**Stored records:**
--*--

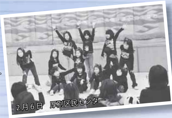
2月6日 厚別区民センター

ここにステージでは、子どもたちがダンスを披露。とびっきりの笑顔がはじけ、大いに盛り上がりました。
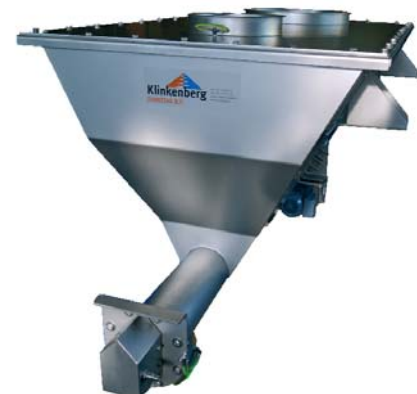
Bufferen en uitdoseren vanuit 3 m 3 hopper
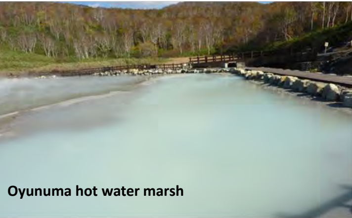
Oyunuma hot water marsh

Oyunuma is a hot water marsh located in Yumoto Hot Springs in Rankoshi-cho, Isoya-gun, Hokkaido. The source of the hot springs is Oyunuma hot water marsh. It is a hot water marsh, which is 50 m from east to west. There is a promenade arranged around the hot water marsh, by which you can walk around it in 3 or 4 minutes. The yellow flowers of sulfur floating on the surface of the hot spring source are called spherical sulfur, which is academically very precious. White steam and the smell of sulfur create a distinctive atmosphere. Oyunuma hot water marsh is the most popular sightseeing spot in Niseko area, where you can enjoy the natural beauty that changes from season to season.
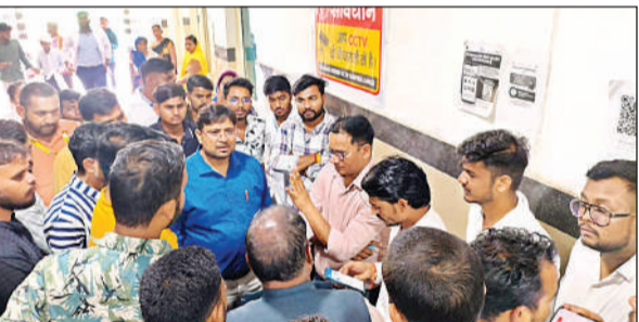
ट्रामा सेंटर में परिजनों से बातचीत करते चिकित्सक।

अमृत विचार : दर्शननगर स्थित राजर्षि दशरथ मेडिकल कॉलेज के डिप्लोमा छात्र की संदिग्ध परिस्थितियों में मौत हो जाने का मामला सामने आया है। पेट दर्द की शिकायत के बाद उसे ट्रामा सेंटर में भर्ती कराया गया था। पोस्टमार्टम न कराने की मांग को लेकर चिकित्सक-स्टाफ व परिजनों के बीच नोकझोंक हुई। बड़ी संख्या में विद्यार्थी घंटों वहीं जमे रहे। पुलिस की मौजूदगी में शव को पोस्टमार्टम के लिए भेजा गया। सुल्तानपुर के दोस्तपुर निवासी
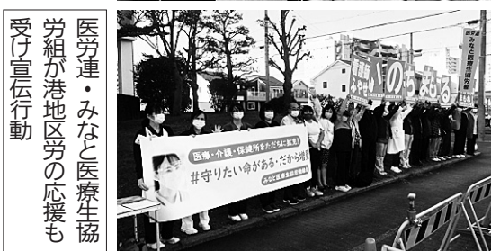
医労連・みなと医療生協労組が港地区労の応援も受け宣伝行動
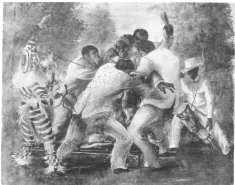
El írime rojo en el entierro de un iyamba o jefe de un juego de ñañigos. (Oleo de Landaluce, siglo XIX).
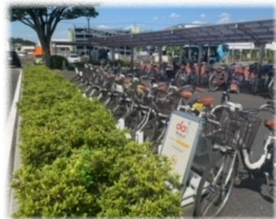
市役所のサイクルステーション
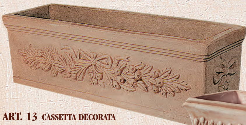
ART. 13 CASSETTA DECORATA
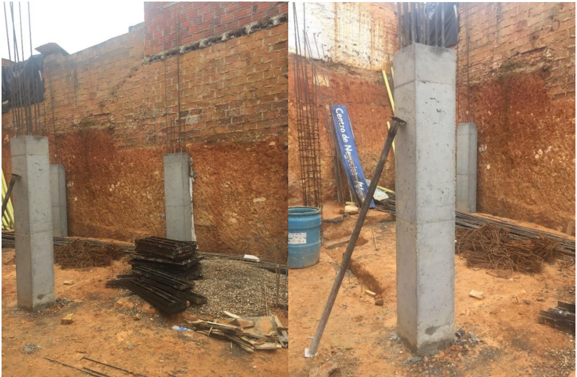
Figura 31. Desencofrado columnas sótano (Nivel 2.75).
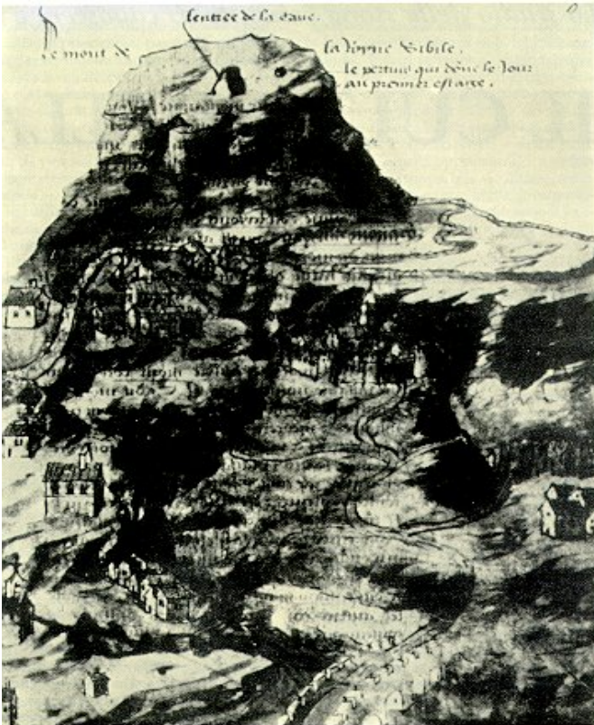
Il Monte della Regina Sibilla disegnato da Antoine de La Sale

Si proseguiva fino ad uno stretto viottolo che conduceva ad una piazza.
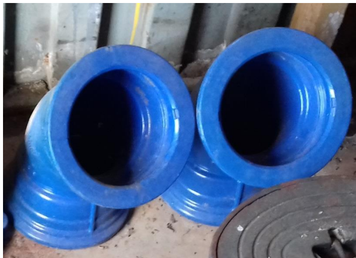
Tvarovka liatina – oblúk DN 150 – K 45° - 2 ks
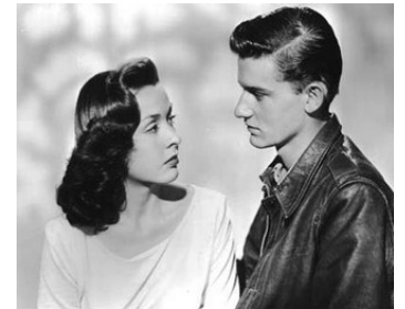
1948 LE PARI FATAL (Tuna Clipper) de William Beaudine avec Elena Verdugo
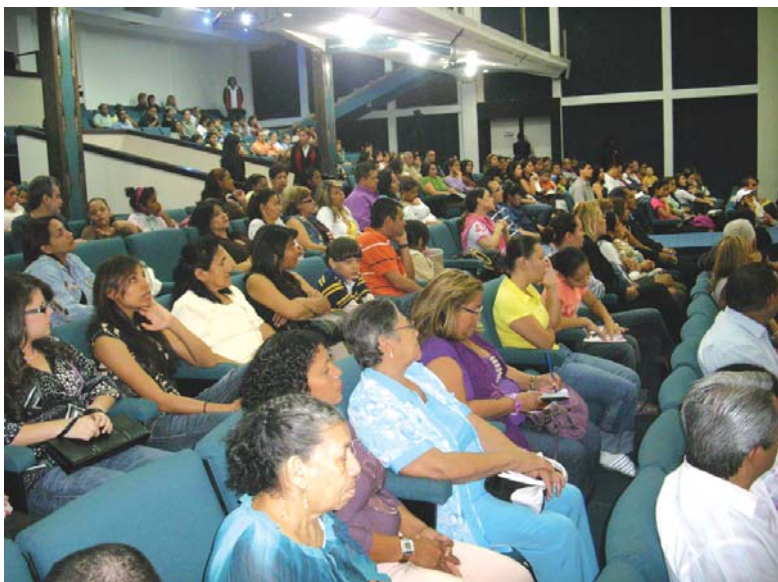
La iglesia MIREs realiza 5 servicios los días domingos.

Cuando la mujer se levanta y toma el lugar correcto, y no es una mujer que tiene amargura y celos hacia con la congregación, sino que es una mujer sana espiritualmente, la gente ve eso y ese es un espíritu que se mueve dentro de la iglesia y comenzamos a adoptar mujeres con corazones como Dios realmente las quiere, sujetas a su marido y a Dios.

--*--

**Problem details:**
Beginning at the line above that contains "医労連・みなと医療生協労組が港地区労の応援も受け宣伝行動" and going on through the line that contains "Figura 31. Desencofrado", please copy every line exactly, leaving the pictures out and adding nothing.

**Answer below:**
医労連・みなと医療生協労組が港地区労の応援も受け宣伝行動
El írime rojo en el entierro de un iyamba o jefe de un juego de ñañigos. (Oleo de Landaluce, siglo XIX).
市役所のサイクルステーション
ART. 13 CASSETTA DECORATA
Figura 31. Desencofrado columnas sótano (Nivel 2.75).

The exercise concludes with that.